邦德对饭菜大加赞赏,但是拒绝再喝咖啡和甜酒。
“我已警告你了,”天蝎继续道,“我在房子和大海之间的地段做了精心的布置,免得你孤注一掷,不顾死活。不要再想从海滩逃走了,用生命冒险不值得。”
我当然不会玩命,邦德想,但是正因为危险,才有可能从那条路安全到达海上。从贵宾室出发,利用藏在旅行袋里小机灵的应急工具或许能行。
“晚餐结束了。”天蝎含蓄地说道。
“下一步干什么呢?”
“我们不应该谈谈我的请求吗?”
“难说。”邦德一直在考虑,同这样一个披着人皮的疯魔做交易,是否合乎道德规范。在天蝎身上具有双重标准和双重甚至三重思想。他是一个充满偏执、仇狠的损人利己的家伙,人最丑恶的罪行都体现在他的身上。在邦德眼里,天蝎就是地球上魔鬼和堕落的化身,是死神的使者。他完全可以胜任西班牙宗教法庭的审判员,天真幼稚的儿童十字军的领袖,死亡集中营的特派员,毒害焚化数百万犹太人的纳粹集中营的党卫军指挥官。在邦德看来,天蝎是历史上从成吉思汗、阿提拉,到希姆莱和克劳兹·巴比,所有残暴,冷酷、丑陋、邪恶的集大成者。
“别这样,”天蝎用肘部轻轻推了推了邦德,“帮忙是有报酬的。由于我的真实身份已经暴露,我明白忍者教派必须洗心革面了。我要做一件对你有益的事。如果你接受了,我还要把忍者的未来交给你处置。为什么不接受呢?至少让我把话说完嘛。”
这不是真话,邦德暗想。这是黑暗的守护神、走投无路的天使——撒旦本人在讲话,他在给听者的耳朵里灌蜂蜜——含有毒药的蜂蜜。

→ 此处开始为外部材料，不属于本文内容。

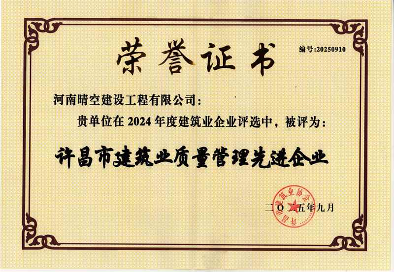 2025年许昌市建筑业先进企业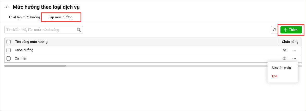 2.2. Thiết lập mức hưởng theo loại dịch vụ

然而,天蝎的话太具诱惑力了,没准他真的会阻止恐怖活动进一步实施。
如果阻止不了呢,那么眼前的这个魔鬼只是开了一张空头支票。不能糊涂,邦德告诫自己,天蝎这么讲就是要让对方完全相信他。继续装假是唯一的办法。
“好吧,把你的请求告诉我。”
“长话短说,免得你心烦。我的请求与霍纳小姐有关。”
当哈丽雅特拥抱着他,说如果他同意娶她,天蝎会让他们在忍者社团里平安地生活下去的时候,邦德并没有相信。现在,他知道天蝎要说什么了。
“那是很早以前的事了。”天蝎又说下去,他的语调像老矶鹞,低沉、刺耳,而且奇怪地显得犹疑不决。“只要告诉你我欠哈丽雅特·霍纳的父亲的情,就够了。天下竟会有如此巧合,真是难以想象。”他像是在回忆遥远的往事。“你很难相信,但是你又必须相信,霍纳是我的教女。我的自由和生命是她父亲给的。当她还在襁褓时,他要我发誓以后一定要善待她。我们的巧遇让我左右为难,我怎么能想到她长大后会成为国税局的特工呢?美国国税局派人抓我不是什么秘密,但是他们不会成功。哈丽雅特,我的教女在这儿,是我的囚徒。可是我拿她怎么办?现在好了,你也被我请来了,邦德先生。我的理智告诉我应该把你干掉,因为你是非常危险的。但是只要我愿意,可以永远把你囚禁在此。
“在我离去时——这不会太远了,我希望在心灵里留有一丝清白。在目前的行动结束后,我会交给你有关忍者的情报。做为回报,我要你,詹姆斯·邦德,和哈丽雅特·霍纳结婚。”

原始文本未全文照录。